Recently we have needed comfort food, something simple, delicate, slightly sweet and delicious. Somehow the image of baked egg custard appeared in my mind. Egg custard is crème caramel (French) or flan (Spanish) without the caramel. I've made it twice this week and we still aren't satisfied, which shows how bad things have been. I made some more this morning.

Baked Egg Custard
2 large eggs
1/3 cup sugar
pinch of salt
2 cups milk
1/2 teaspoon vanilla extract (if desired)
1/8 teaspoon pure almond extract

Preheat oven to 350º.
Scald the milk. To do this, pour the milk into a saucepan and heat it on medium low without stirring until a slightly wrinkled skin forms on the surface. In a mixing bowl, beat the eggs, then beat in the sugar and salt. Pour the scalded milk into the egg mixture and add the vanilla and almond extracts. Stir to mix. Pour the mixture into a 1 1/2 quart baking dish and generously sprinkle the top with nutmeg. Set the dish in a baking pan and add an inch of hot water to the pan. Set the pan on the middle rack of the preheated oven and bake for 50 minutes. Immediately remove the custard from the pan and set aside to cool.

The custard will serve four to six people. It's even better served with a crisp cookie.

If you're lazy like me, you can skip the mixing bowl and mix the ingredients directly in the baking dish.

Thursday, February 2, 2012

Death, Begone!

After Dennis and I married we spent the ensuing months going to funerals of members of his extended family. It was a strange way for me to enter his family circle, a strange way to become acquainted with them. I longed to meet them in happier circumstances. I'd had my fill of death.

Recently this phenomenon has recurred; I can't get away from death. First came the shock of losing Butch. Then, about three weeks ago I learned that my former husband Tom was seriously ill. No one was here to look in on him but me. His condition rapidly deteriorated so Nancy and Carol came home to be with him.
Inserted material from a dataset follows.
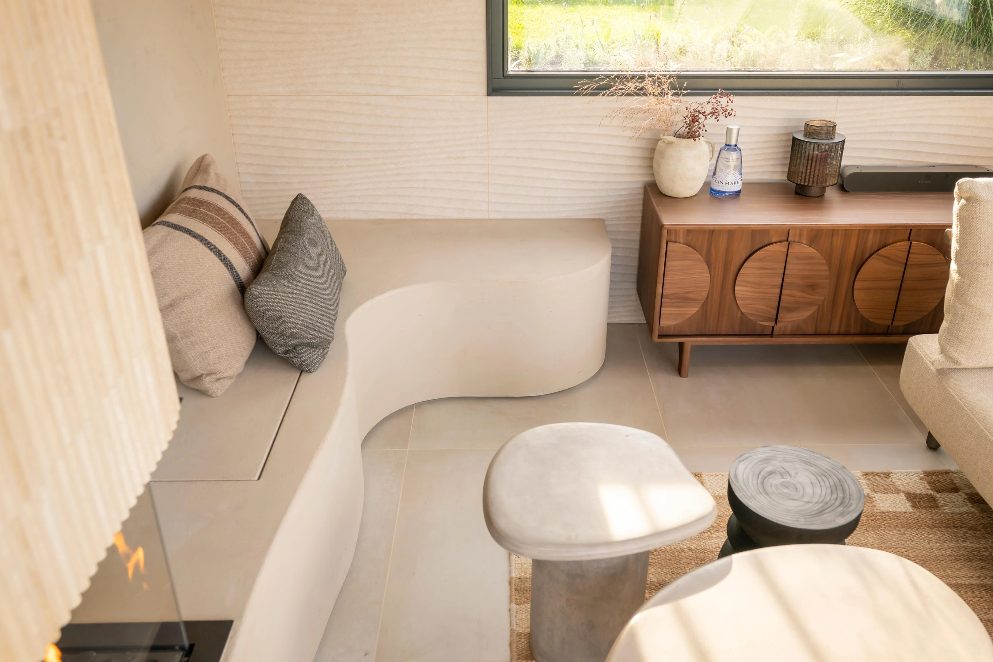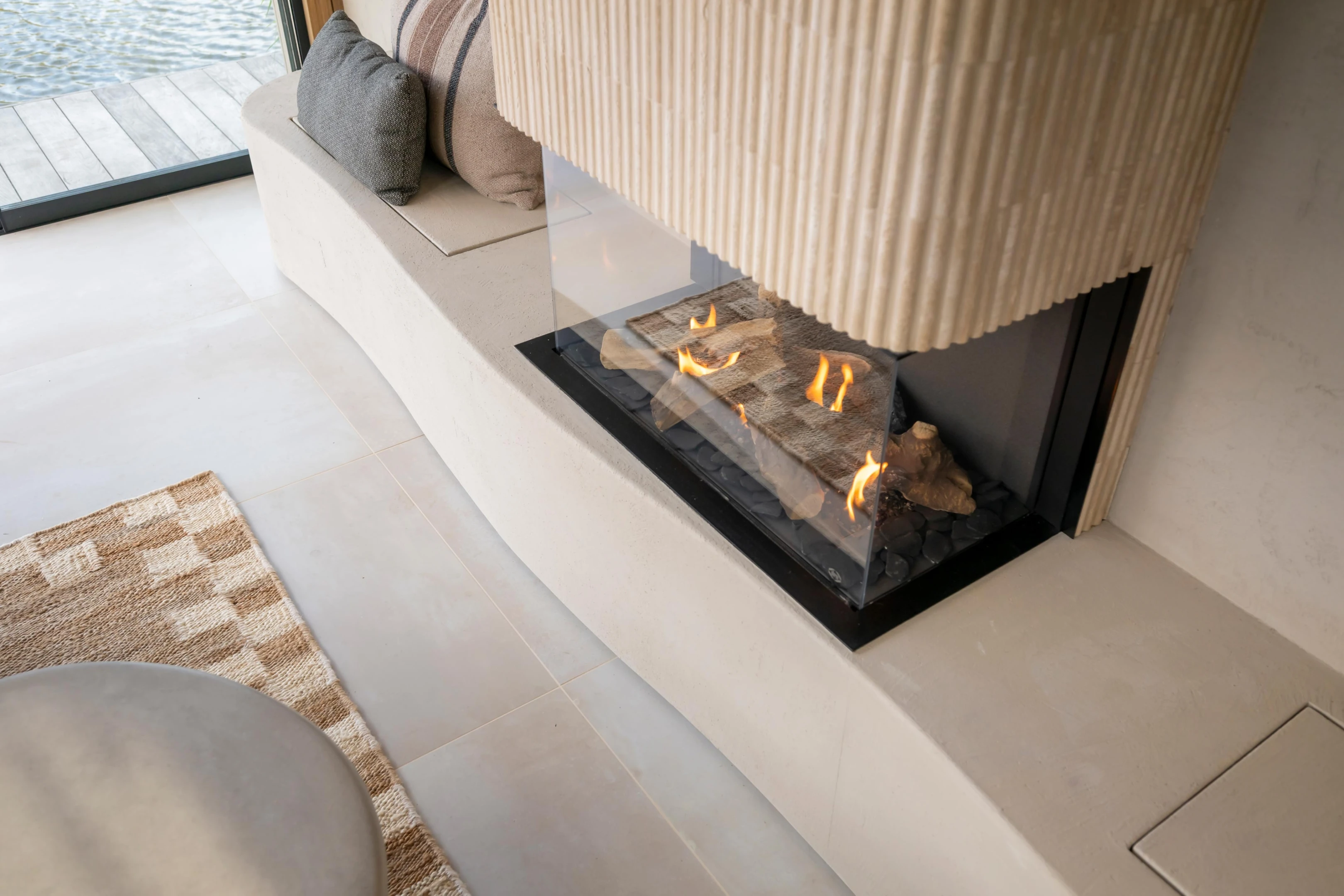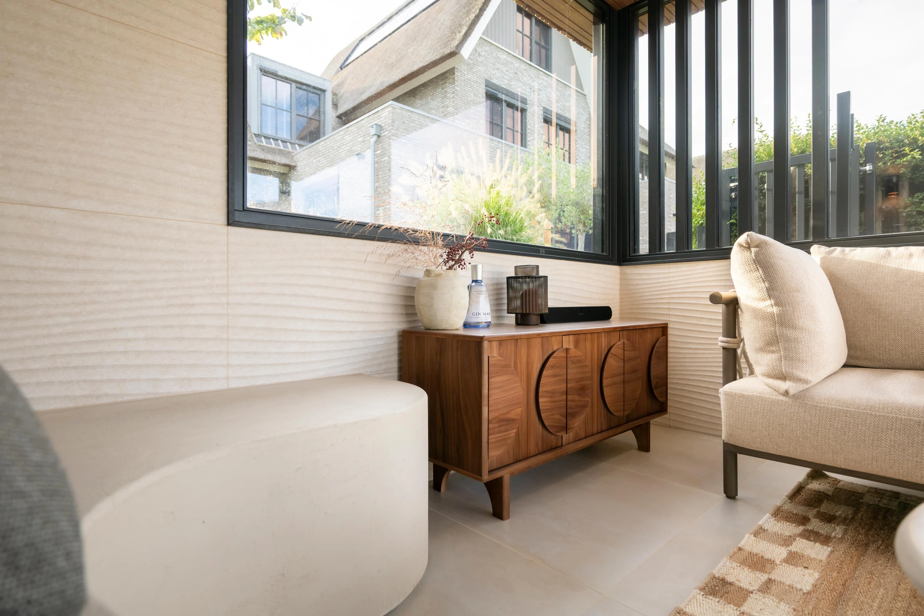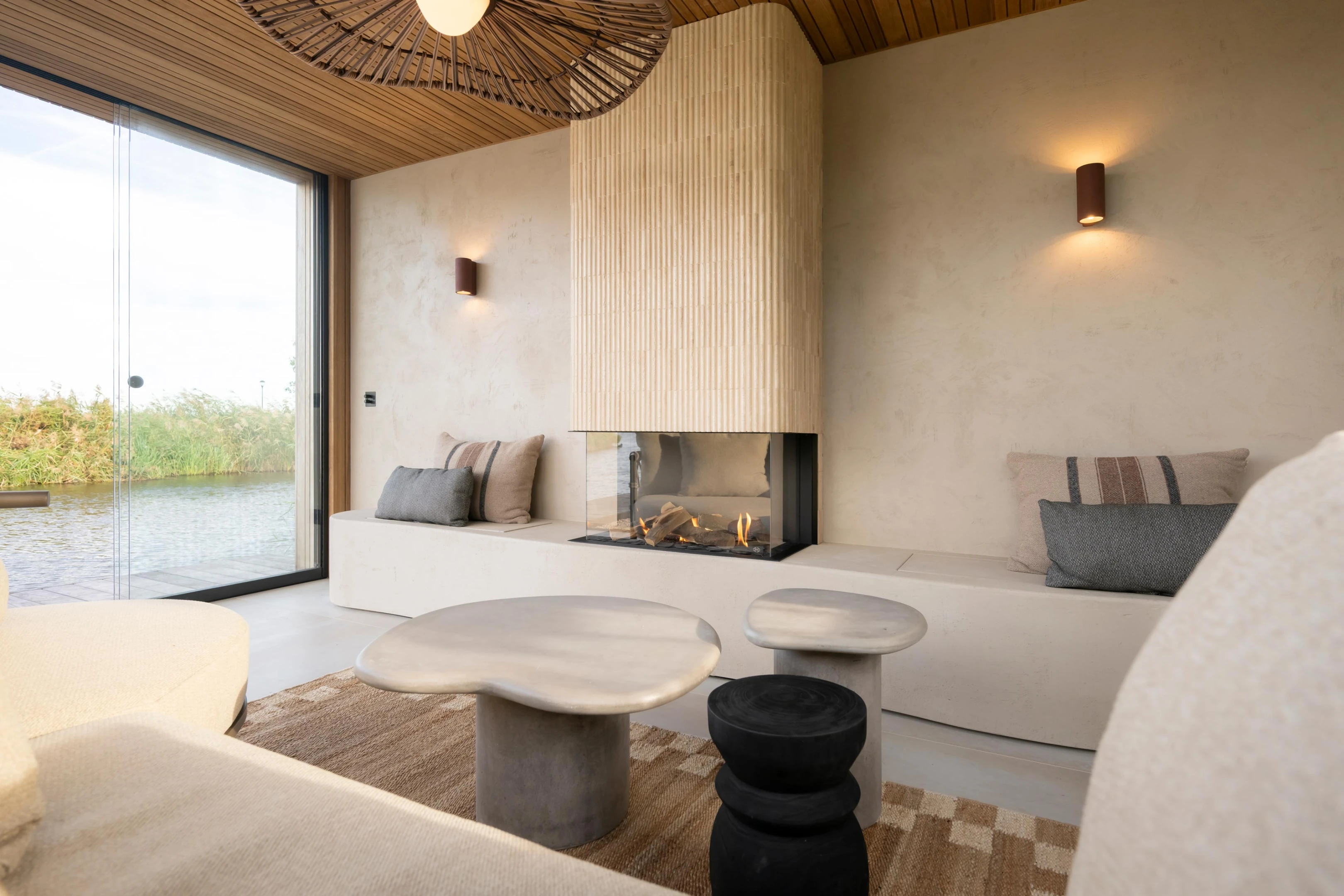 Binnen vormt de glooiende zitbank met haard het hart van de ruimte. De bank is uitgevoerd in designstuc met zachte, ronde lijnen die het interieur vormgeven. De driezijdige haard is niet alleen een sfeerpunt, het verwarmt de hele buitenkamer. De haardkolom is bekleed met verticale mozaïektegels die diepte geven aan het geheel. De overige wanden zijn voorzien van tegels, het plafond is van hout. Samen zorgen ze voor een warme, natuurlijke uitstraling die past bij de omgeving.

They stayed with us, of course, and we have been on death watch together.

Yesterday brought the sudden death of Maude, one of Dennis' students whom we admired and appreciated. Then, in the evening, Tom gave up the ghost.
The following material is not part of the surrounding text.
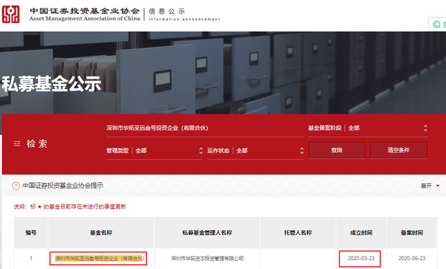 深圳市华拓至远叁号投资企业(有限合伙)成立时间为2016年4月18日,但中国证券投资基金业协会披露的成立时间为2020年3月23日,相差近4年时间。
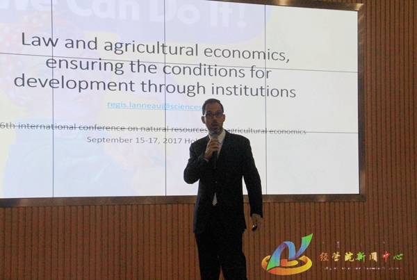 上午的学术交流演讲正式开始。修长百教授以中国宏观社会经济的视角详细分析了中国农业和农村发展的经验与教训并提出了解决方案。蒙古国哲学博士、经济学科学博士Bakei Agipar从牧区畜牧业的可持续发展概念、发展趋势、战略方向,牧场和牧民的关系,承载能力和家畜数量,家畜生产等方面对蒙古牧区畜牧业可持续发展的一些相关问题进行了讲解。澳大利亚昆士兰大学Scott Waldrom教授以中国和蒙古国羊绒产业的发展为主题进行演讲,将两国的羊绒产业进行对比分析,运用最新的宏观数据,详细的介绍了羊绒产业的发展现状。内蒙古自治区社科院研究员敖仁其从草原所有权制度、草牧场产权制度改革、各个主体的职能三方面分析了草、牧场确权历史与现状。巴黎第十大学Lanneau Regis副教授以法律与农业经济通过制度保障发展的条件为主题,他通过列举小岗村的事例,提出了法律经济学对制度效率的探讨,并对学者们提出的问题进行详细的解答。上午的会议于中午12:10结束,并将于下午1:00继续进行。

Now I'm putting the grim reaper on notice: give us a break! Give us a chance to grow accustomed to a world without these people. Give us a chance to settle into the comfort of our daily routines. Give us a chance to heal.
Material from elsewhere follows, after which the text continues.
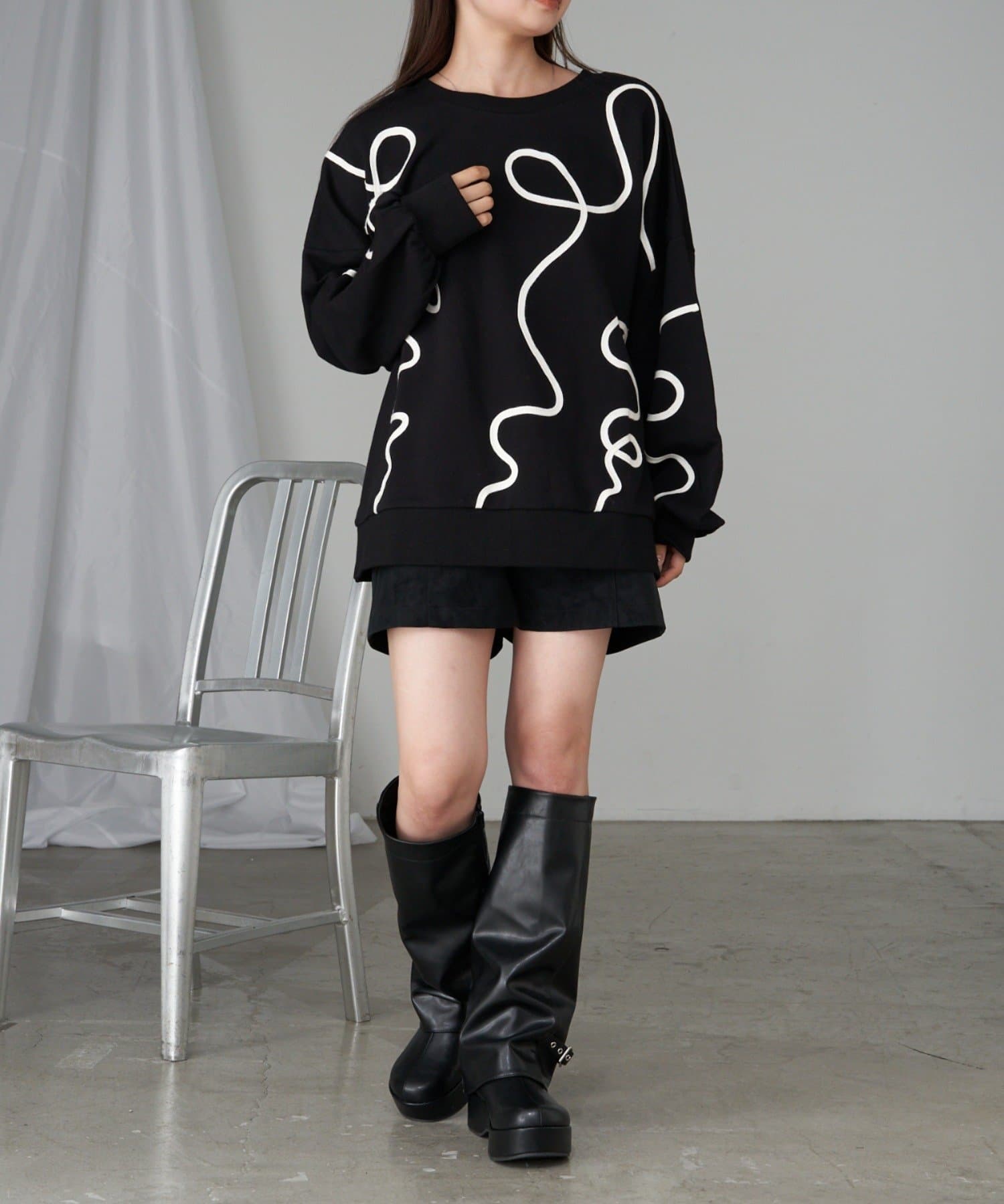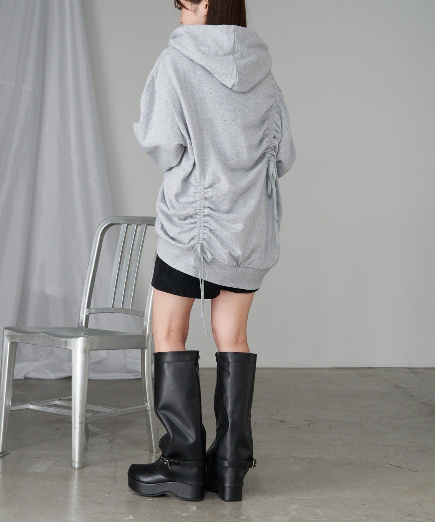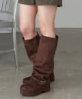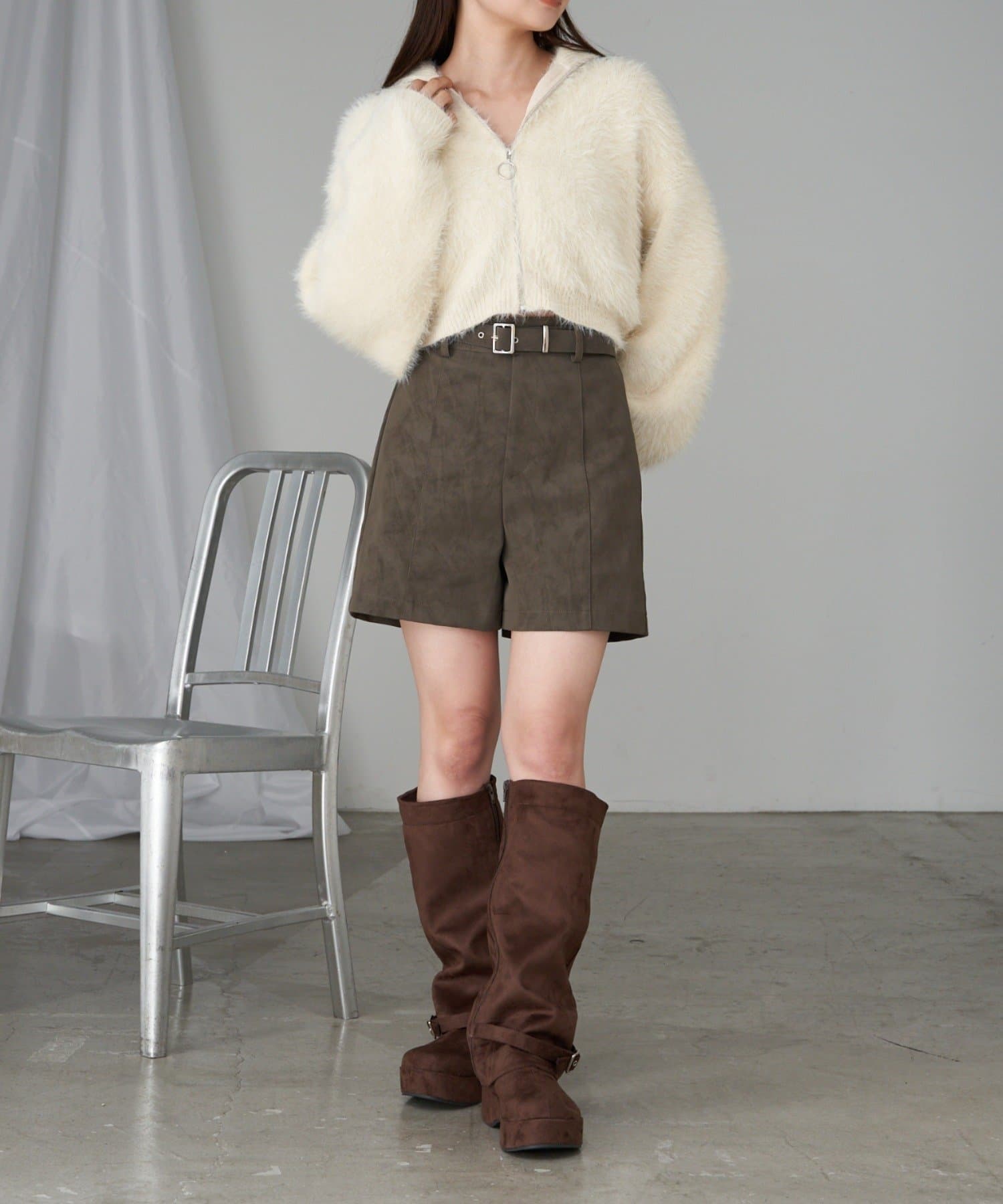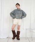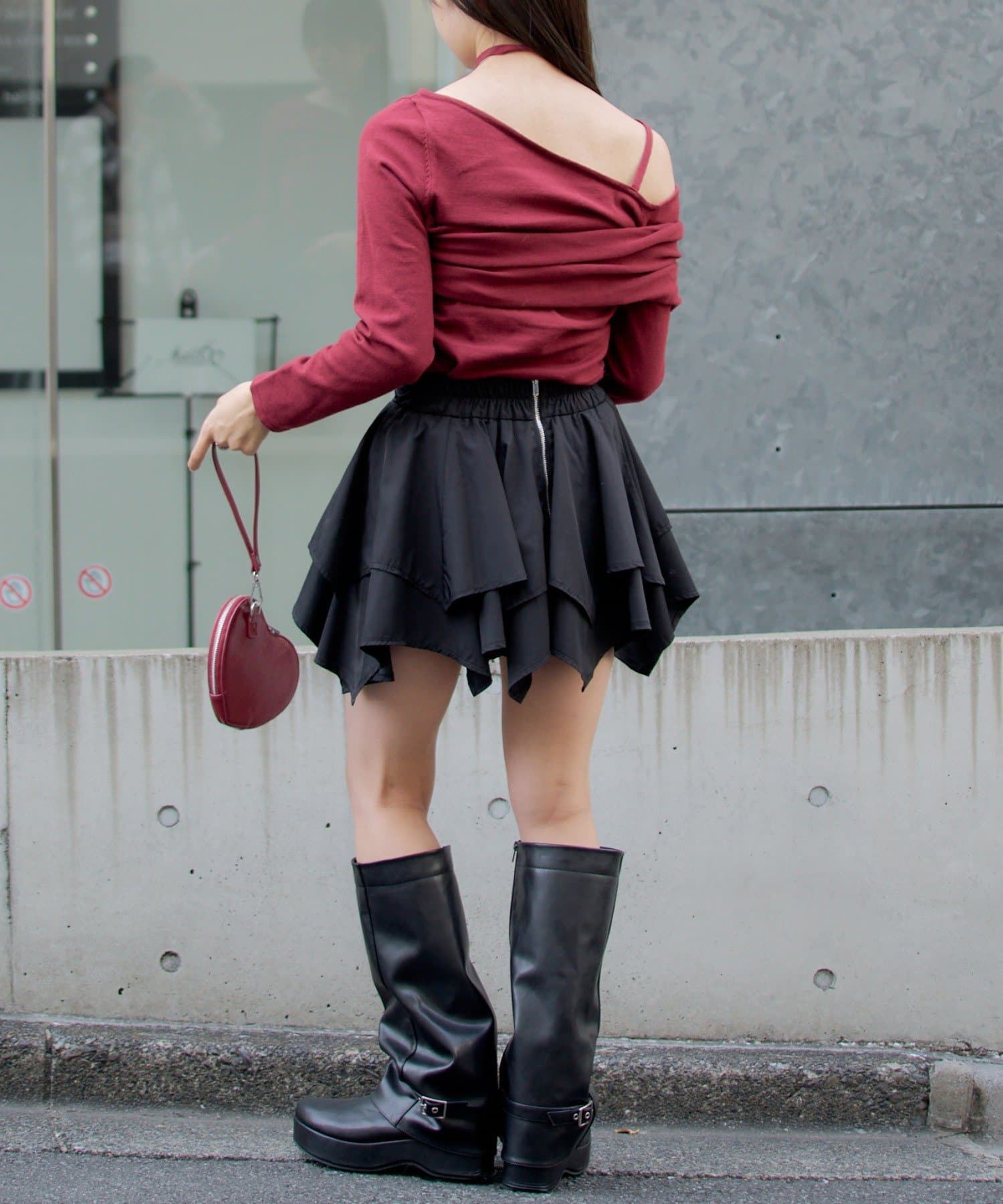 ロングブーツはミニ丈合わせでルーズ感を見せるのが○

A rash of deaths is strange and unsettling to us, but imagine what it must be like to live in countries such as Iraq, where dozens of deaths occur almost daily. Places where a trip to the market to purchase food could end with a car bomb explosion, scattering body parts in the street. Or imagine what it must be like to live in a nursing home where death stalks the halls by day and night, leaving empty beds and empty chairs at the breakfast table.

My heart aches for people who must live with death and the potential for death every day, with no respite for healing. I pray for peace for them and for all of us.